1 is a longitudinal partial cross-sectional view of an apparatus for securing a ring sector to a turbine casing of an aircraft turbine engine according to a preferred embodiment of the present invention, orthogonal to the circumferential direction and one of the passages for gripping a member FIG. 4 is a diagram corresponding to a cross-sectional view along a plane P1 of FIG. FIG. 4 is a partially enlarged view similar to that of the apparatus shown in FIG. 1, and also corresponds to a cross-sectional view along a plane P2 in FIG. 3 that constitutes a virtual center plane orthogonal to the circumferential direction. FIG. 3 is a perspective view of a lock member provided in the device for fixing the ring sector shown in FIGS. 1 and 2. FIG. 2 is an enlarged view of the lock member shown in FIG. FIG. 5 is a diagram showing the members shown in FIGS. 3 and 4 in a cross section passing through two clamp arms and orthogonal to the guide lines of the two passages. FIG. 6 is a view showing a method for removing the lock member shown in FIGS. FIG. 6 is a view showing a method for removing the lock member shown in FIGS. 1 to 5 and corresponding to the view along the VIb-VIb line of FIG. 6a. FIG. 6 is a view showing a method for removing the lock member shown in FIGS. FIG. 4 is a view similar to the apparatus shown in FIG. 3, wherein the locking member is in the shape of an alternative embodiment.

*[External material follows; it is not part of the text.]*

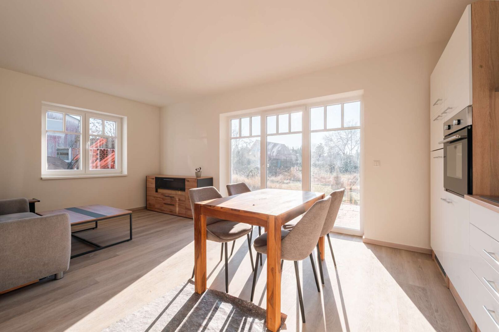 Der offen gestaltete Wohn- und Kochbereich bildet das Herzstück der Wohnung. Großzügige Fensterflächen lassen viel Tageslicht herein und schaffen eine freundliche, offene Atmosphäre. Von hier aus gelangen Sie direkt auf die sonnige Terrasse mit Südausrichtung – ein echter Mehrwert, der lange Sonnenstunden verspricht. Ob Frühstück im Freien, entspanntes Lesen oder ein Glas Wein am Abend: Hier genießen Sie Licht, Wärme und Ruhe gleichermaßen.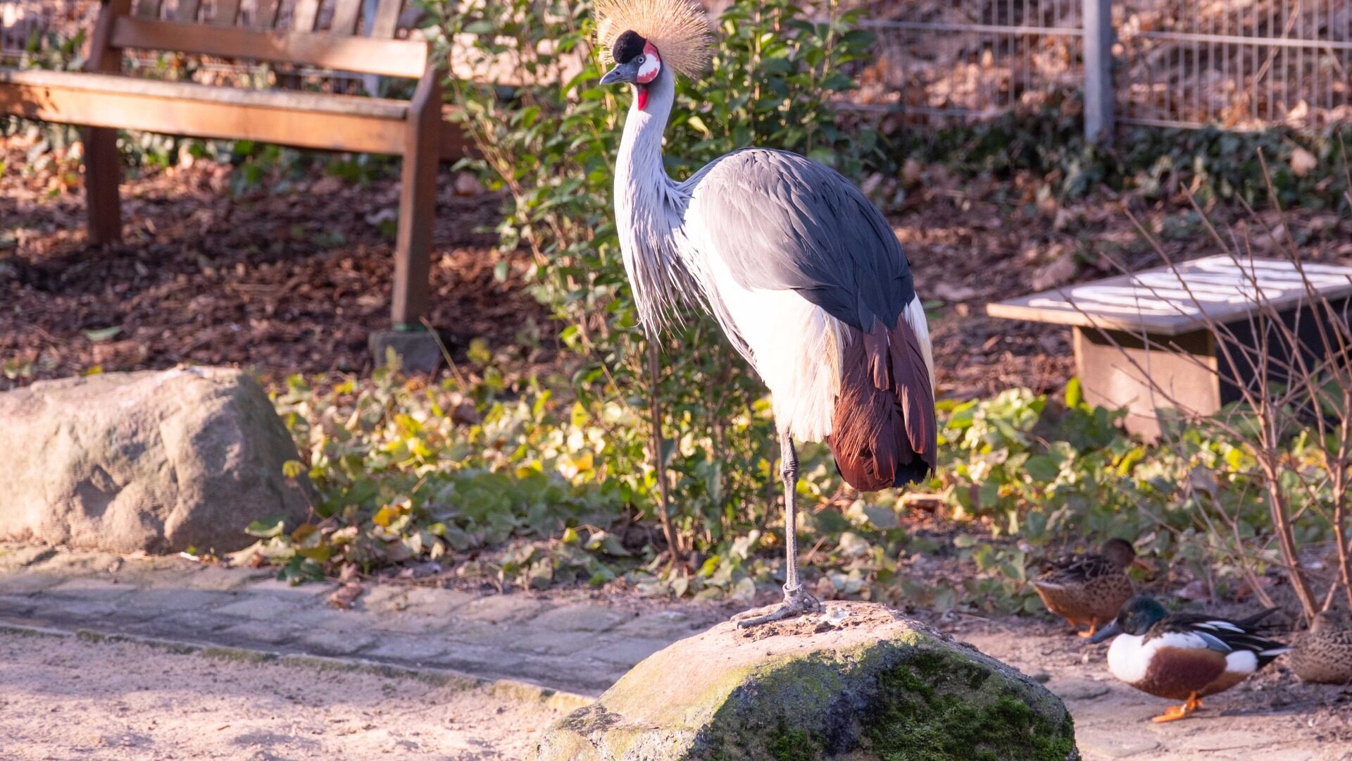 Der nun ausgezeichnete Kronenkranich stammt ursprünglich aus Afrika und besticht durch seine namensgebende, strohgelbe Federkrone sowie das blaugraue Gefieder. Sein Mitbewohner, der Jungfernkranich, ist die kleinste Kranichart und zeichnet sich durch ein hellgraues Federkleid aus. Obwohl sein Verbreitungsgebiet von Südeuropa bis in die Mongolei reicht, ist auch er bedroht – vor allem durch die Trockenlegung von Sümpfen, die als unverzichtbare Brutrefugien dienen.

  Referring to FIGS. 1 and 2, there can be seen an apparatus for securing a ring sector to a turbine casing of an aircraft turbine engine according to a preferred embodiment of the present invention.

  In the figure, direction A corresponds to a longitudinal direction or axial direction parallel to the longitudinal axis 2 of the turbine of the turbine engine. Direction B corresponds to the radial direction of the turbine, and direction C corresponds to the circumferential direction. Furthermore, the arrow 4 indicates the main direction of gas flow in the turbine engine parallel to the direction A. As used in the following description, the terms “front”, “upstream”, “rear”, and “downstream” are used for the direction of forward movement of the aircraft under thrust from the turbine engine. The direction of this forward movement is opposite to the direction of arrow 4.

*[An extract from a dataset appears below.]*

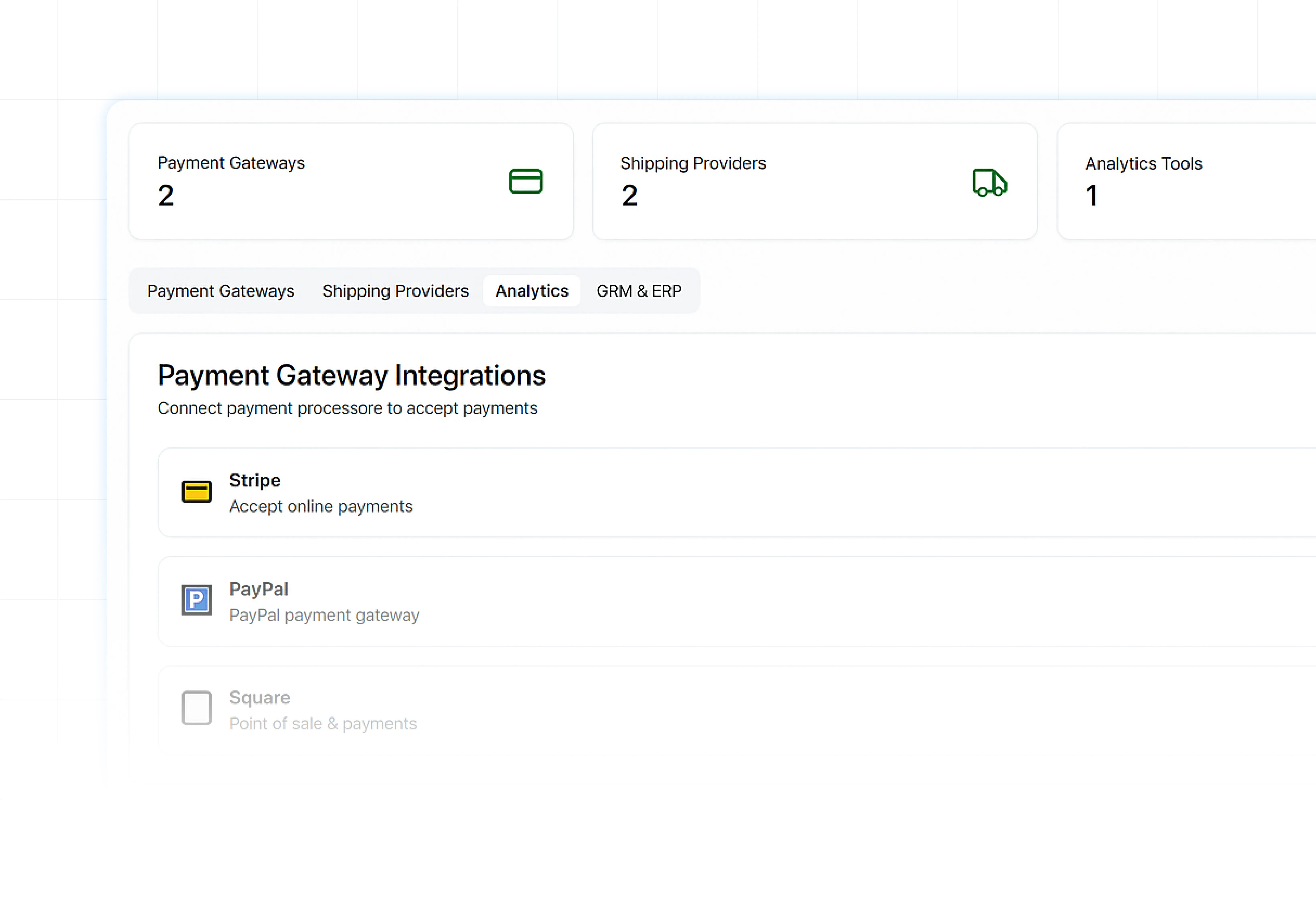 Integrate Razorpay, Stripe, UPI, COD, and more.

  In FIG. 1, reference numeral 10 denotes a movable blade of a high-pressure turbine stage of the turbine engine. The turbine engine rotates in a turbine casing 12 in which a casing element 14 called a spacer or intermediate casing element is secured. The element 14 supports a ring sector 16 arranged circumferentially about the rotational axis 2 of the turbine along the direction C. The inner surfaces of these ring sectors form a continuous cylindrical surface that defines the gas flow path in the turbine to the outside.

  The ring sector 16 has an angular range in the direction C of about 10 ° to 20 ° about the turbine axis. For example, about 30 ring sectors 16 are provided.

  Each ring sector 16 includes a cylindrical circumferential rim 18 at its upstream end or front end, and is hooked or fixed to the spacer 14 by the circumferential rim 18. Each ring sector 16 includes a cylindrical circumferential rim 20 at a rear end portion or a downstream end portion thereof, and the circumferential rim 20 abuts against a corresponding cylindrical circumferential rim 22 of the spacer 14. . Hereinafter, the circumferential rim 22 is referred to as a first circumferential rim, and the circumferential rim 20 is referred to as a second circumferential rim.

  The two circumferential rims 20 and 22 extending in the direction A are pressed against each other in the direction B by a C-shaped or laterally U-shaped lock member 24. The lock member 24 engages with the circumferential rims 20 and 22 from the rear, and presses and holds the circumferential rims 20 and 22 in the radial direction.

  The locking members 24 cooperate to form an annular locking device arranged about the shaft 2. The annular locking device is an integral part of the ring sector fixing device. Thus, each member 24 is in the form of an angular sector of an annular locking device that extends in direction C, for example, from about 10 ° to 20 ° or more. In order to form a complete, preferably continuous ring, 30 members 24 are provided adjacent to direction C, for example about the axis 2.

  In this regard, the angular area of the member 24 about the turbine shaft 2 can be comparable to the angular area of the ring sector 16, but the angular area of the member 24 is within the scope of the present invention. Note that may be larger. Therefore, depending on the case, one lock member 24 can be provided for each ring sector 16, or one lock member 24 can be provided for a plurality of ring sectors 16.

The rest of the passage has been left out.